Заканчивался первый учебный год. На его излёте Ольга Владимировна устроила родительское собрание. Митя сообщил о нём бабушке и забыл. Он всегда считал, что на собраниях говорят о всяких взрослых делах. Но вечером, после того, как мама пришла из школы, все поужинали, и Митя отправился спать, она стала тихо рассказывать бабушке, о чём шла речь на собрании. Мама думала, что Митя уже заснул – он засыпал мгновенно, – но в этот раз она ошиблась. И Митя, затаившись под одеялом, с удивлением узнал, что он способный мальчик, только ленится, что у него хорошая память, что он пользуется авторитетом в классе. Вот последнему Митя искренне подивился. Мама рассказывала и про других ребят. Оказалось, что Вовка – мужественный человек и ведёт себя, как настоящий герой, потому что он борется со своей болезнью, хотя ему очень трудно. Ребята его за это уважают, и никто над его заиканием не смеётся (а ведь, действительно, никто никогда не смеялся). И он тоже пользуется авторитетом. Митя порадовался за Вовку. Но больше всего мама удивлялась тому, что Ольга Владимировна, казавшаяся холодным и бесчувственным человеком, для которой все дети должны бы выглядеть на одно лицо, на самом деле понимает каждого ученика и о каждом говорит с любовью (неужели и про Лёньку Каратаева она говорила с любовью?). На это бабушка вздохнула:
– Чужая душа – потёмки.
А через месяц дома очередной раз случилась ссора отца и мамы. И кончилась она не так, как обычно, кончилась она совсем плохо. Митя сидел за письменным столом, делая вид, что занят уроками, а за его спиной родители тащили каждый в свою сторону то, что раньше было общим. Общее оказалось непрочным, оно трещало и рвалось. Мама задыхалась, кричала, что убьёт себя, папа сердито уговаривал её успокоиться:
– Давай поговорим без крика.
В этот раз они не обращали внимания на звукопроницаемые стены и соседей за ними. А Митя боялся обернуться. Он, сжавшись, застыл в кресле как будто ждал, что его сейчас ударят сзади. Таньке повезло: несмотря на шум в комнате, она спокойно спала в своей кроватке. А ветхое семейное счастье расползалось на негодные лоскуты. Ни рыдания, ни упрёки, ни уговоры уже не могли ничему помочь. Сначала у Мити от волнения сильно колотилось сердце. Потом оно успокоилось, и он с тоской слушал, как сзади разыгрывается неприличная трагедия. Мама растрёпанная, заплаканная, некрасивая повторяла то, что говорила совсем недавно, повторяла тихо и обречённо. Объяснение тянулось немыслимо долго, но напряжение гасло. Потом за папой закрылась дверь, и в комнате осталась бессловесная тяжесть. Она висела под потолком. Вспоминать, что и как только что друг другу наговорили два взрослых человека, Митя не хотел больше никогда. И он начал комкать этот длинный липкий скандал до маленькой минутки. А затем он его сжал до секундочки, сделал почти незаметным и запрятал поглубже.

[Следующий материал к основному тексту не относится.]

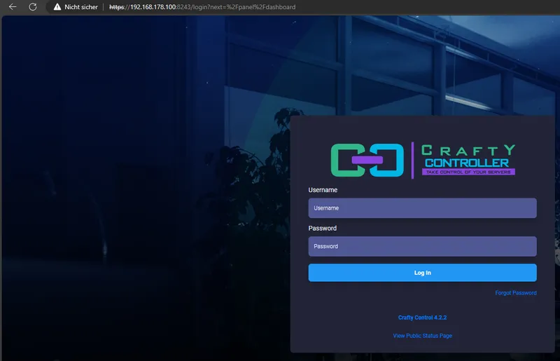 Die Zugangsdaten beim ersten Start des Crafty Controllers befinden sich unter /volume1/docker/crafty/config/default-creds.txt sofern so konfiguriert wie oben erklärt.
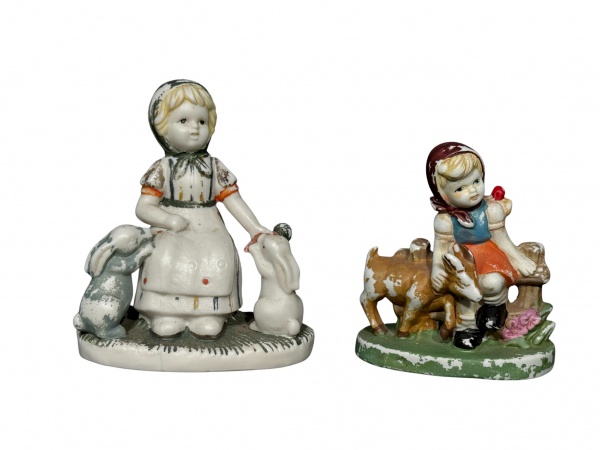• ESCULTURAS, duas (2) esculturas confeccionadas em biscuit representando pequenas camponesas ladeada por animais, apresentando vestígios de pintura em policromia, maior medindo 11x9,5cm e menor 9x7,5x5cm.
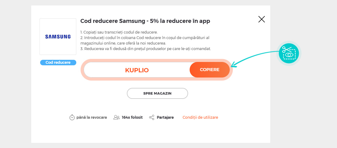Dacă nu vreți să ratați nici o ofertă, urmăriți portalul Kuplio.ro, unde sunt oferte actualizate zilnic. Puteți obține un cod reducere Samsung valabil direct pe site-ul magazinului sau de pe rețelele de socializare ale magazinului sau prin abonarea la Newsletter.
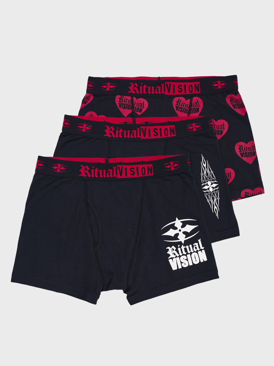 The Core Boxer Brief 3 Pack in Black delivers three individual art pieces across the boxers. 140GSM 100% cotton jersey with Jacquard woven elastic logo waistband. Ritual brings the boxer pack every cult member needs this summer.
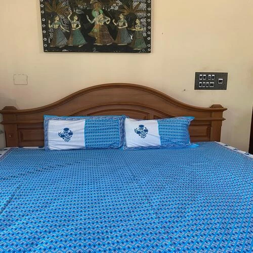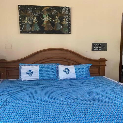 The set usually includes a generously sized double bed sheet that fits most standard double beds and two matching pillow covers, each adorned with complementary designs. The fabric is breathable and comfortable, ensuring a good night's sleep while adding a touch of ethnic charm to the room. The prints are often block-printed or screen-printed, showcasing the craftsmanship of artisans from Rajasthan. This bed sheet set is perfect for those looking to add a bohemian or traditional touch to their home decor.
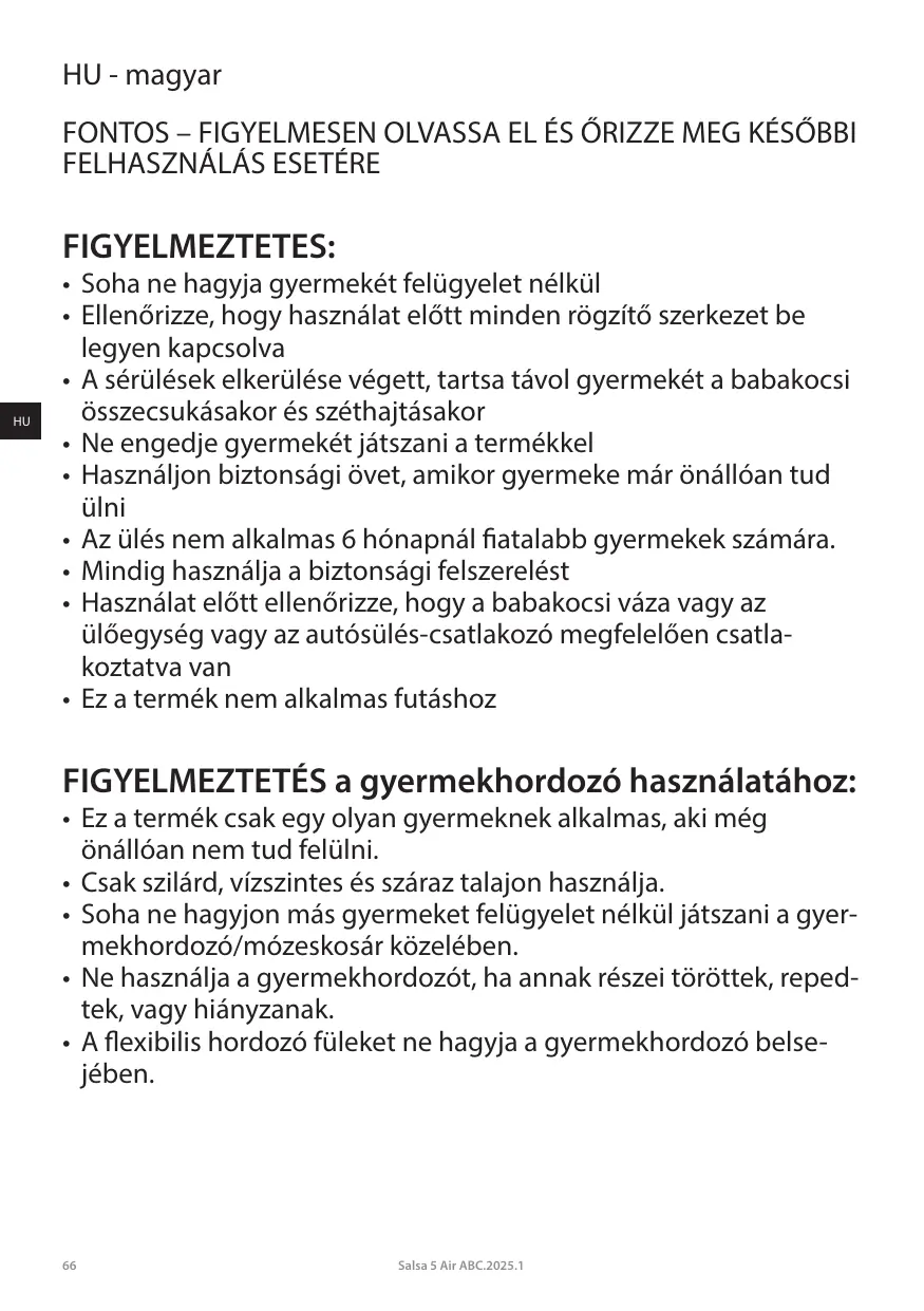 HASZNÁLATI ÚTMUTATÓ SALSA 5 AIR SET ABC DESIGN
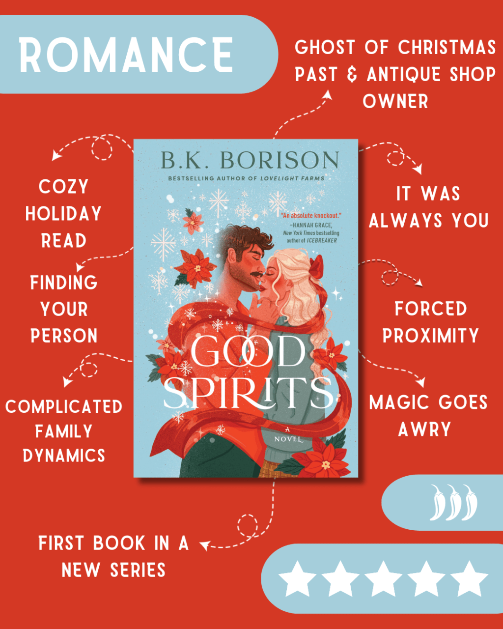 So, in 2021 I read Lovelight Farms and it became my absolute favorite holiday romance. For four years, no book came close – until BK Borison wrote another holiday romance. This book is simply perfect. I swooned, laughed, cried uncontrollably, and smiled ear-to-ear. The characters are beautifully rendered, the story is so rich and compelling, there’s a heart-wrenching third act that isn’t a breakup but delivers the most emotionally heavy narrative. And both Harriet and Nolan have important stories of understanding separate from each other that make it a powerful story of personal growth and understanding.
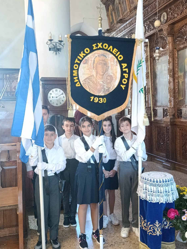 Ακολούθησε η παρέλαση των μαθητών των σχολείων του Αγρού, των προσκόπων, των οδηγών και των πολιτιστικών συλλόγων της κοινότητας, που διέσχισαν τον κεντρικό δρόμο του χωριού κρατώντας ψηλά την ελληνική και την κυπριακή σημαία.
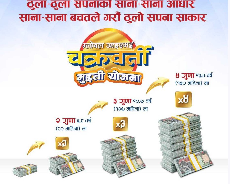 मुद्दती निक्षेपलाई दोब्बर, तेब्बर, चौबर बनाउने “ग्लोबल आईएमई चक्रवर्ती मुद्दती योजना” सार्वजनिक
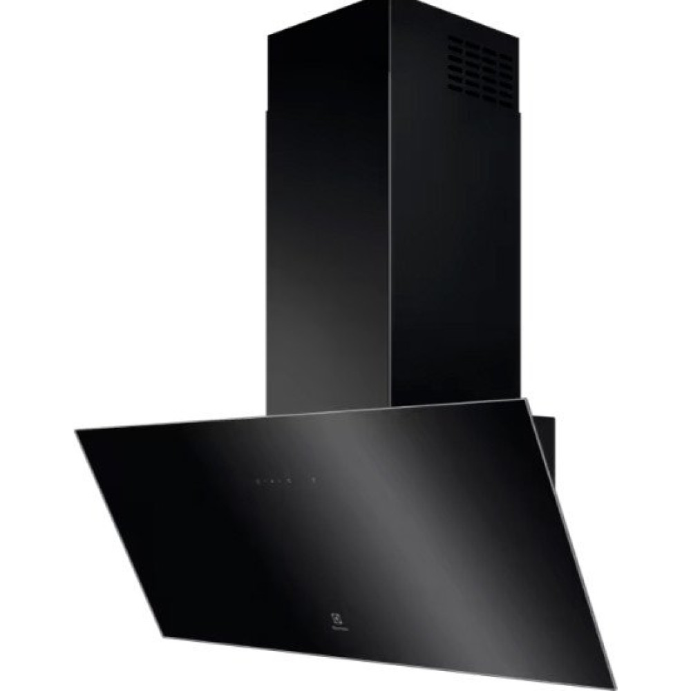 конструкция наклонная, монтаж настенный, ширина 89.8 см, управление сенсорное, производительность вытяжки 465 м³/ч, цвет черный

Счастливая Танька всю эту гадость мирно проспала.
Отец ушёл, и, наверно, на некоторое время монотонное существование соседей оживилось. Тихая и спокойная жизнь за стенкой никому не интересна. А тут – конфликт, разлад, событие, есть о чём поговорить. Отец ушёл, но Митя последнее время видел его нечасто, поэтому для него ничего не изменилось. Отец ушёл, и вместе с его уходом в комнате прекратились разговоры будто весь запас слов исчерпало заключительное выяснение отношений. Мама и бабушка почти всё время молчали. Их лица теперь оставались такими серьёзными, что хотелось сидеть тихо, стать незаметным, ещё лучше – спрятаться где-нибудь. К ним домой зачастили родственники, и Митю отсылали на улицу, подальше от взрослых разговоров. Водить его через дорогу к Вовке стало некому, и он отправлялся в, как его называли, хулиганский тупик. Хотя там стояла родная школа, её окрестностей Митя не знал.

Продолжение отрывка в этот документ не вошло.